He found an opportunity to exchange a few words with her before he left the King’s Arms, asking abruptly: “Shall I see you at the Colebatches’ ball?”

“Yes. I have been invited to go, and my kind mistress says I may—or, rather, insists that I must!”

En chaperon?”

“No, she goes herself, so I am to enjoy a holiday.”

“Then I shan’t cry off from it.”

He did not wait for an answer, but with a smile, and a brief handshake, took his departure.

The next hour was spent very agreeably by the rest of the party in various shops, where not only was a reticule found, and the satin exactly matched, but where Tiffany bought a pair of filigree earrings, and Miss Trent a spray of artificial flowers to wear with her only ball-dress. Lindeth’s presence added a good deal of gaiety to the expedition. He took a keen interest in the various purchases, but as he knew very little about feminine fashions he made some wonderful blunders, which rapidly induced a mood of hilarity in his companions. He also discovered a pastrycook’s shop advertising ice-creams; and as the ladies were all feeling hot, and a trifle weary, he experienced no difficulty in persuading them to enter it. Tiffany, puffing off her knowledge, said that it was just like Gunter’s: an inaccurate statement, but one which showed her to be in her best humour. Miss Trent thought that she had seldom spent a more pleasant day in her company.
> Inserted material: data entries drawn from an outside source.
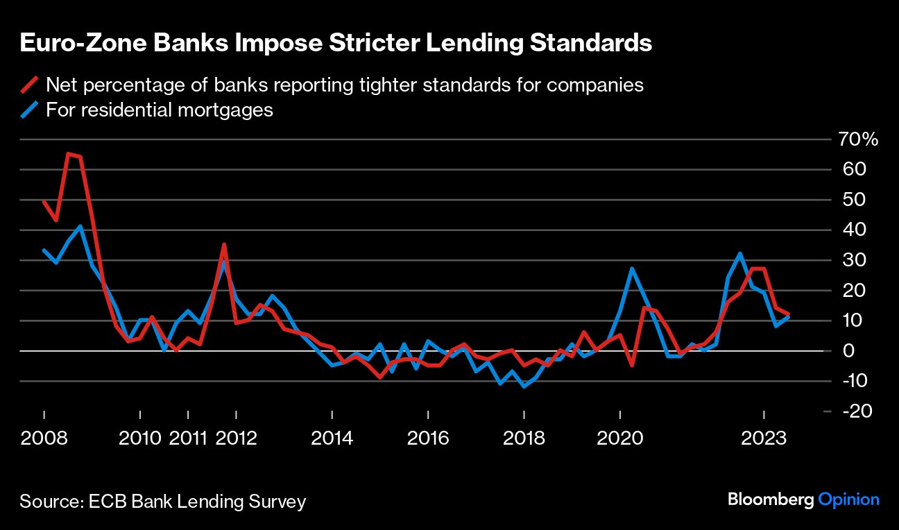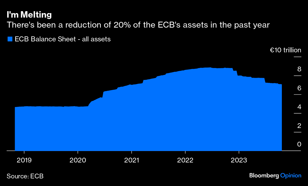 That's a clear and present danger. Following eight years of a negative rate regime, a sudden 450 basis points of tightening in little over a year is delivering a shock to the euro region. Furthermore, the monetary pinch isn't just about higher official rates. The ECB's balance sheet has shrunk by 20%, or nearly €7 trillion ($7.4 trillion), in less than a year. It's also withdrawn super-generous commercial bank loans, and has stopped paying interest on reserves that banks have to keep with it.
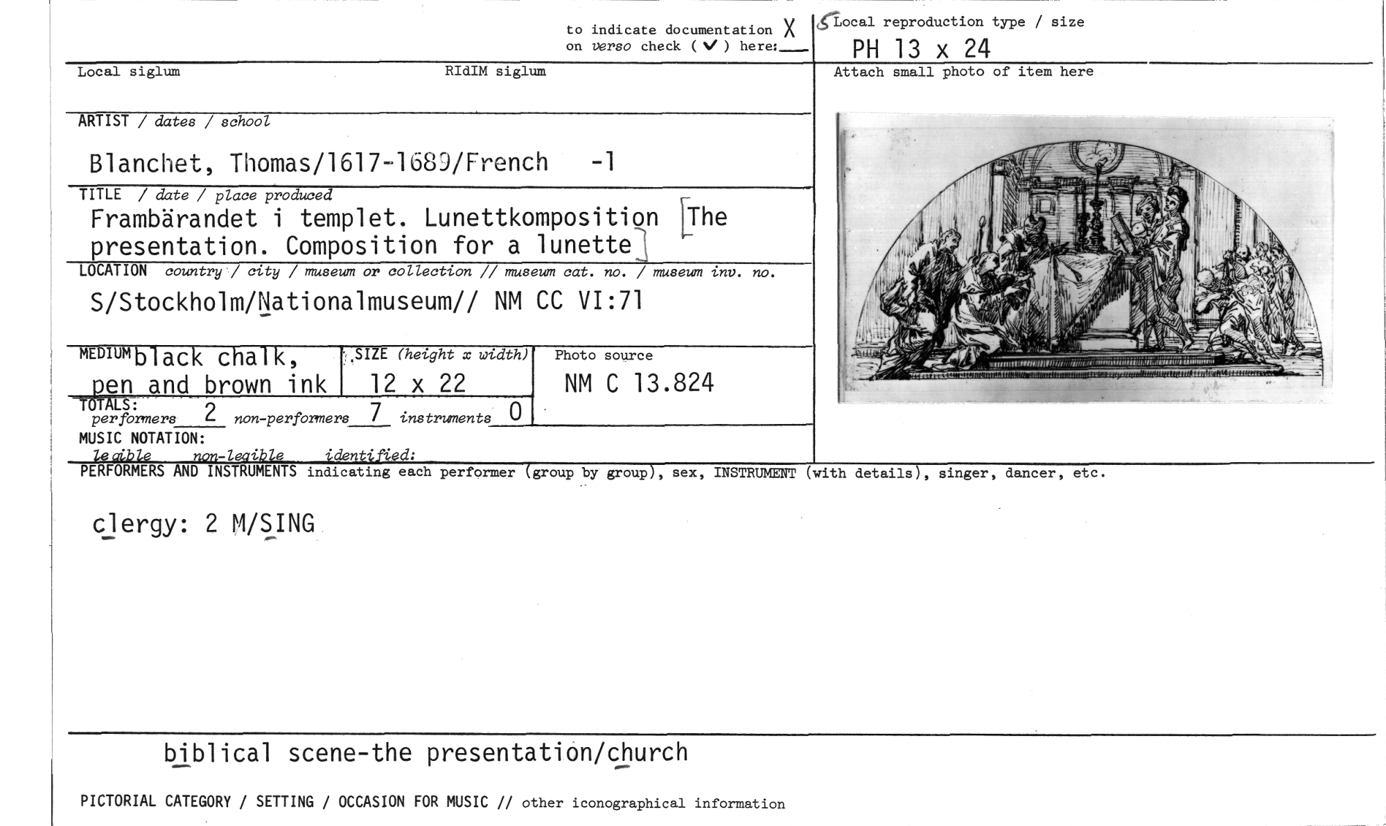 //// to indicate documentation X on verso check ( ) here:_ //// ,‹Local reproduction type / size //// PH 13 x 24 //// Local siglum RIdIM siglum //// ARTIST / dates / school Attach small photo of item here //// Blanchet, Thomas/1617-168/Trench -1 //// TITLE / date / place produced //// Frambärandet i templet. Lunettkomposition EThe //// presentation. Composition for a lunette3 //// LOCATION country / city / museum or collection // museum cat. no. / museum inv. no. //// S/Stockholm/Nationalmuseum// NM CC VI:71 //// MEDIUM black chalk, //// perfbrmers 2 non-performers 7 instruments 0 MUSIC NOTATION: //// identifka: PERFORMERS AND INSTRUMENTS indicating each performer (group by group), sex, INSTRUMENT (with details), singer, dancer, etc. //// clergy: 2 M/SING //// _Töprr and brown ink //// •,SIZE (height x width) //// 12 x 22 //// Photo source //// NM C 13.824 //// biblical scene-the presentation/church //// PICTORIAL CATEGORY / SETTING / OCCASION FOR MUSIC // other iconographical information ////
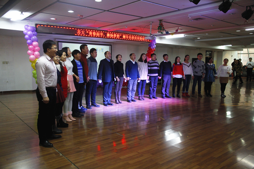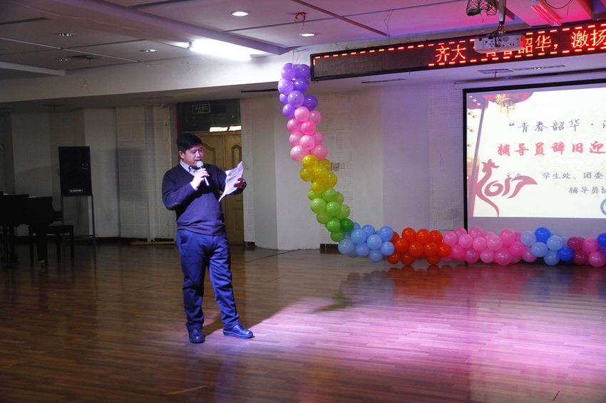 校党委常委、常务副校长郑喜群在联欢会上致辞,他说,辅导员是学校从事思想政治教育、保证校园安全稳定的主力军,是学生成长成才成人的领路人,在过去的2016年里为学校建设、学生发展贡献了力量,希望全体辅导员在2017年里要以习近平总书记在全国高校思想政治工作会议上的重要讲话精神和党的十八届六中全会精神为指导,多学习,勤实践,努力创新工作方法,开拓工作思路,不断提升自身能力水平,促进学生成长、成才、成人,为高水平大学建设做贡献!他为全体辅导员朗诵了塞缪尔·乌尔曼的经典诗歌《年轻》。
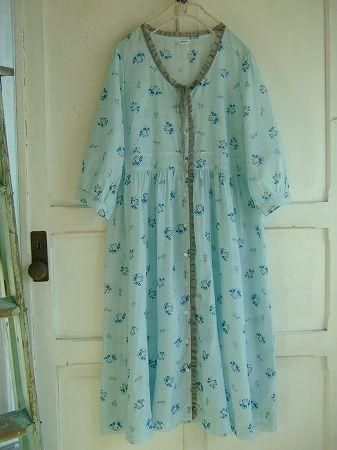 color ライトブルー、ブルー、グレー、グリーン、素材 キュプラ55%、コットン45%、(別布)テンセル100%、(フリル部分)シルク100%、made in China 、size 38、着丈104cm、バスト92cm、袖丈42cm、肩幅38cm、※裏地は付いておりません。
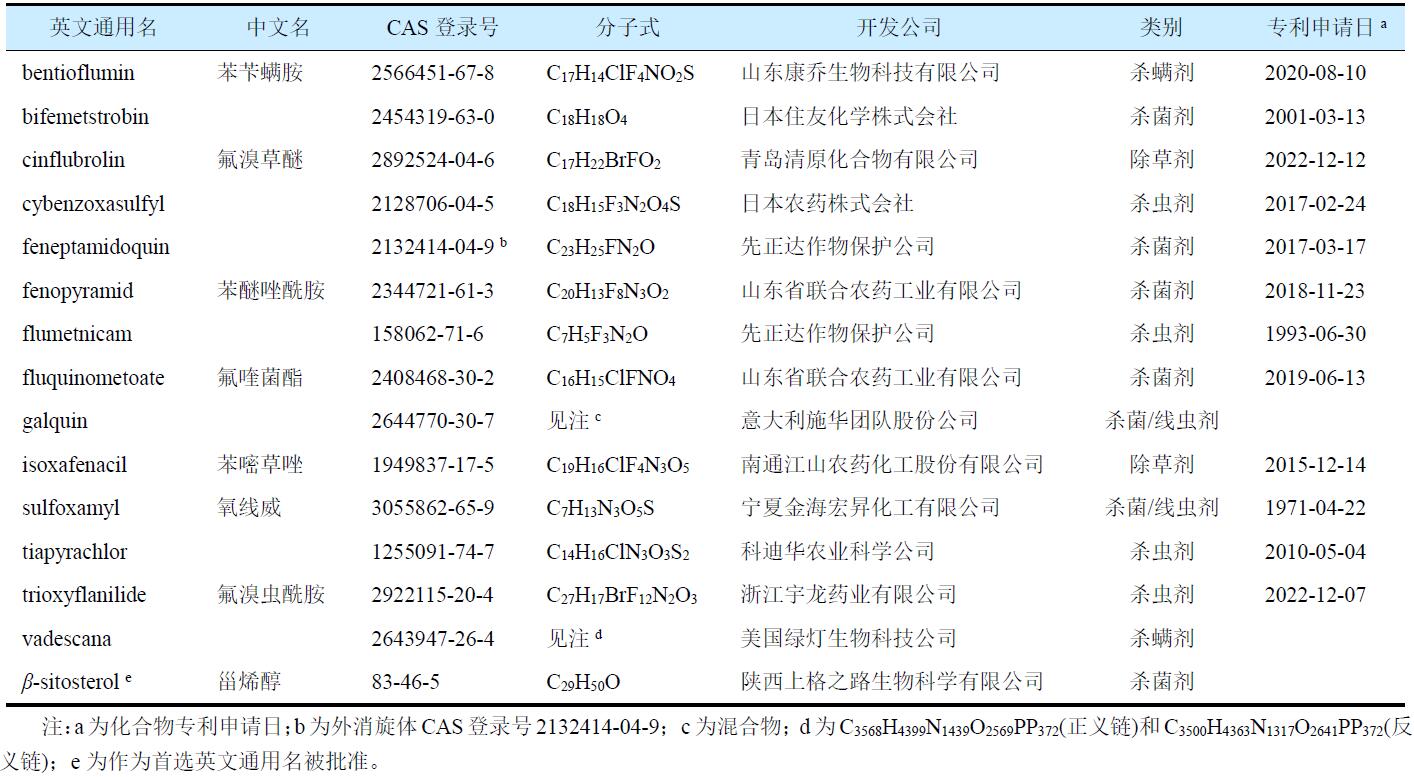 2024年ISO批準(zhǔn)并公布的來自中國(guó)、日本、美國(guó)、瑞士和意大利農(nóng)藥公司申請(qǐng)的15種農(nóng)藥新品種的英文通用名(表1),涉及殺蟲/螨劑6種、殺菌/線蟲劑7種、除草劑2種。其中,8種農(nóng)藥為中國(guó)創(chuàng)制的新品種,具體有殺蟲/殺螨劑苯芐螨胺和氟溴蟲酰胺,殺菌/線蟲劑苯醚唑酰胺、氟喹菌酯、氧線威和甾烯醇,除草劑氟溴草醚和苯嘧草唑。甾烯醇已在中國(guó)注冊(cè)登記和上市銷售,其他產(chǎn)品的產(chǎn)業(yè)化開發(fā)和登記應(yīng)用已在開展中。
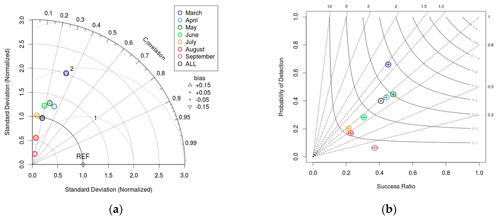 Continuous and categorical analyses can be graphically consolidated into the Taylor [58] and performance [59] diagrams. The Taylor diagram provides a way to summarize how closely a set of patterns matches observations, using COR, RMSE and SD. In Taylor diagrams, the SD increases with the radial distance from the origin and is normalized by the reference datasets, where 1.0 is the best reference value. In this performance analysis, bias values are also included in the Taylor diagram. The performance diagram utilizes the geometric relationship between SR, POD, BIAS and the CSI to display all four metrics simultaneously, with a perfect forecast lying in the upper right region of the diagram.
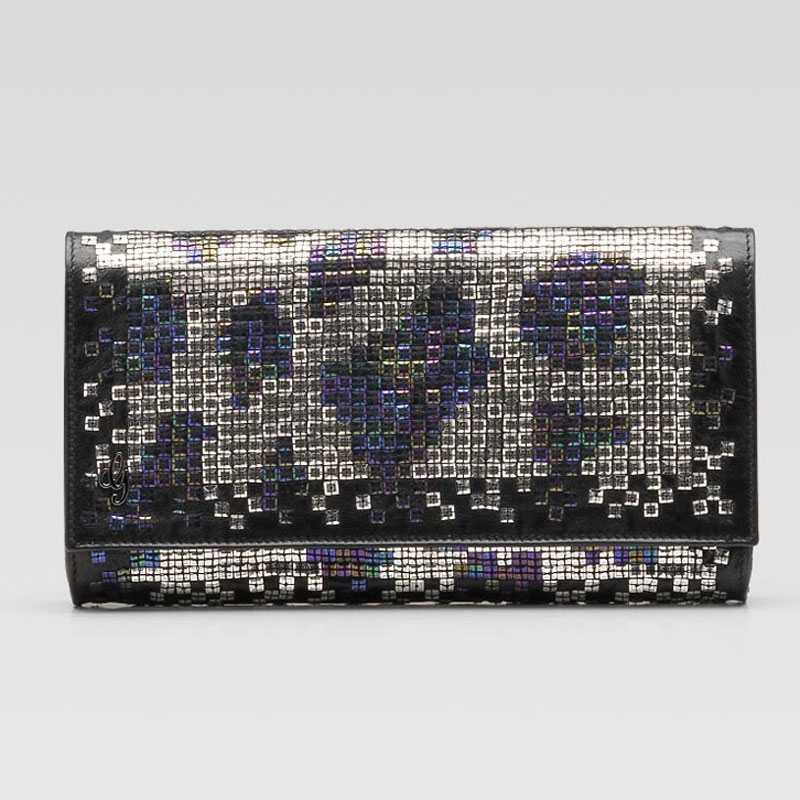 -black leather with multi-color embroidery-ruthenium hardware-magnetic snap closure-inside pocketProduct ID: 228832 BFG6R 8488
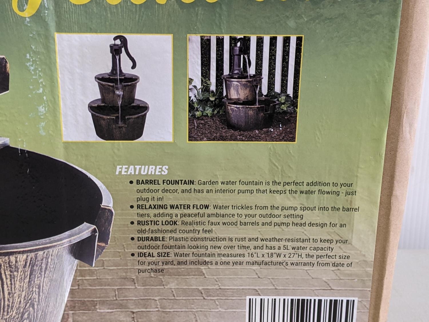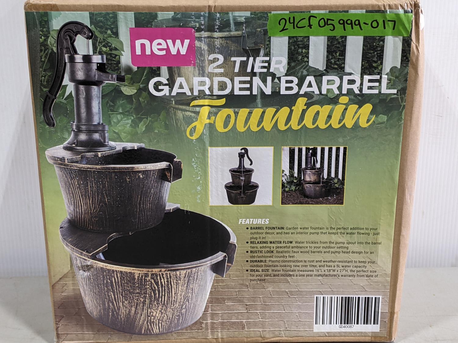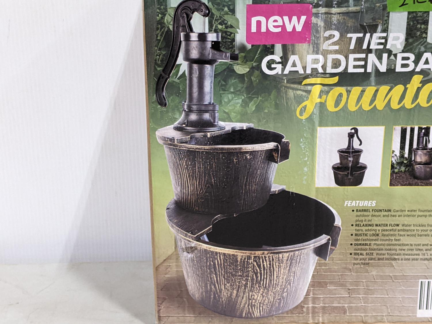 1396 2 Tier Garden Barrel Fountain (Unused)

After disposing of several lemon-flavoured ices, they left the pastrycook’s, and began to retrace their steps to the King’s Arms. The street was a busy one, and there was no room to walk four abreast, so the two girls went ahead, amicably discussing the latest modes, and Lindeth civilly offered his arm to Miss Trent. A picture hanging in the window of a print-shop caught his eye; he recognized the subject, which was the Dripping Well, and at once drew Miss Trent’s attention to it. It was while they were studying it that the harmony of the day was suddenly and rudely shattered. Some kind of a stir was taking place further up the street; there were shouts of: “Stop thief!” and as they looked quickly round a ragged urchin came into view, darting towards them with an apple clutched in his hand, and an expression of hunted terror in his starting eyes. He was dodging between the passers-by, and had almost reached Patience and Tiffany when a middle-aged citizen thrust his walking-cane between his legs to arrest his progress. A crashing fall was the inevitable result: the child, swerving to avoid the over-zealous citizen, pitched forward, not on the flagway but on to the cobbled street. A cry of protest had burst from Patience; parcels, parasol, and purse were flung away; and under Miss Trent’s horrified eyes she sprang into the road, snatching the urchin almost from under the hooves of a high-stepping chestnut harnessed to a tilbury, which was being driven at a spanking pace along the street. For a dreadful moment it seemed as if she must be trampled upon; then the chestnut reared up, snorting, and was miraculously swung to one side; and the driver of the tilbury, a natty young gentleman clad in raiment which, almost as clearly as his handling of the reins, proclaimed him to be a top-sawyer, added his voice to the general hubbub in a furious expletive. The next instant Lindeth had brushed past Miss Trent, racing forward to the rescue, and unceremoniously pushing Tiffany out of the way as he bent over Patience.

“Good God, Miss Chartley—! Are you hurt?”

She had dragged rather than lifted the urchin out of danger, and was on her knees, supporting him in her arms, and gazing down in horror at his face, down which blood was streaming from a gash on the forehead, but she glanced up, saying: “Oh, no, no! But this poor little boy—! Something to stop the bleeding—a handkerchief—anything!— Oh, pray, one of you—!”

“Here, take mine!” Lindeth said, thrusting it into her hand. “Poor little devil! Knocked himself out!” He looked up at the driver of the tilbury, and said curtly: “I’m sorry, sir, and must thank you for acting so promptly. I trust your horse has suffered no injury.”

By this time the natty gentleman had realized that the female kneeling beside the gutter was a young and very pretty girl of obviously gentle birth. Blushing hotly, he stammered: “No, no, not the least in the world! Beg you’ll accept my apologies, ma’am! Agitation of the moment—forgot myself! By Jove, though! You might have been killed! Bravest thing I ever saw in my life! By Jove, it was!”

She looked up briefly, to say: “Oh, no! I am so much obliged to you! I don’t wonder you were angry—but, you see, I had to do it!”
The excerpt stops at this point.